Knowing When to Lower the Barre

The day of the solar eclipse, I had an inspired idea. “I should go to barre class!”

My initial plan for that day was outdoor meditation, perhaps accompanied by mantra. I weighed the two options. “Let’s be bold. Let’s do barre class.”

A tiny inner voice reminded me of the old wisdom of not practicing Ashtanga yoga on new moons (low energy and increased chance of injury) or full moons (high energy and increased chance of injury). The high energy of the solar eclipse coursing through me quickly drowned out that tiny voice.

Off to barre class I went. It was all I imagined and more: warm greeting, great energy of the class, inspired music, challenging sequence, stunning views from the windows. I modified the movements to accommodate my spinal projects.

This will be my every Monday class, I thought, half-way through the session.

Photo by Anna Shvets on Pexels.com

I didn’t sleep at all that night. Inflammation ran rampant through my body and I did end up running those mantras I’d originally planned… only not when I’d planned. 3:30-5:30am, while an acceptable time for meditation, was more of a cruel joke that night.

I texted my massage therapist the next morning and she was able to get me in. As I’ve moved to a new town (and new massage therapist), I shared the running joke I had with my previous massage therapist:

She would ask me, “What did you think you could do this time?”

And I’d share whatever class or activity I’d been inspired to jump into since I’d been feeling so good from my regular qigong, meditation and cycling routine.

Then, she’d work her magic and settle the inflammation in my body.

I commented to my new massage therapist how most of the women in the barre class were older than I and they were all regulars. I should be able to do the class!

This morning, feeling like an awkward human-grasshopper, I wobbled into the kitchen, the insertion points of my calf muscles into the backs of my knees so tight, I couldn’t straighten my legs. And then it hit me.
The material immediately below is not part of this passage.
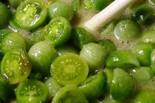 Считается, что выбирать для консервирования следует наиболее крупные зеленые помидоры, а для лучшего результата их следует замачивать перед консервированием на 6 часов в соляном растворе, каждые 2 часа его меняя.

Something an old friend said to me over a decade ago.

I had taken my son, perhaps age 3 at the time, to story hour at the local library. He loved bedtime stories. I had a proud mom moment feeling like this would be an excellent activity for us both.

While all of the children sat quietly listening to the library volunteer share the story while she flipped through the boldly-illustrated pages for all to see, I ran up and down the book aisles trying to catch my giggling son who darted between genres.

By the time I caught him, I was so hot (both in temperature and mood), that I dragged him, still giggling mind you, through the parking lot and into the car.

Once settled at home, I called my friend and broke down in tears over the exhausting morning events, “All of the other kids sat quietly. Why wasn’t anyone else running around except my son? All the other moms got to enjoy their time.”

My dear friend, whose children were older than mine, said to me, “Because moms with high energy kids don’t go to the library for story time.”

Ohhhhhhhhh.

It’s not that I shouldn’t venture out into whatever activity lights me up. It’s that I need to know and honour what suits my nature at this time in my life.

I loved the barre class. I will continue it at home with creative reconstruction that suits my needs. Who knows… maybe someday I’ll offer classes for those whose bodies no longer mesh with an hour of intensity. Or the kids who can’t sit still for story time.

Much love,

Stephanie

3 thoughts on “Knowing When to Lower the Barre

  1. What a great post, and a fantastic reminder that we change over time. I am struggling with chronic migraine at the moment so the Youtube videos of Yoga and Tai Chi that I watch are labelled “for seniors”. I’m only a bit over 50, but I know that after a lengthy period of chronic-pain-non-motion I have limitations and have to make adjustments to suit. Linda x
    PS – curious; is your son still ‘high energy’ or was it just a phase?

    Like

    1. Hi Linda! Sorry to hear about the migraines. I’m certain you will prevail! Yes to the seniors’ practices. Slow and nourishing. I popped by your blog…looks lovely. I used to have “complicated migraines”. Once menopause set in, migraines disappeared…so, there’s that to look forward to 😉 All the best to you! And, yes, my son is still high energy. Only now he focuses it through his mind and involvement in organizations.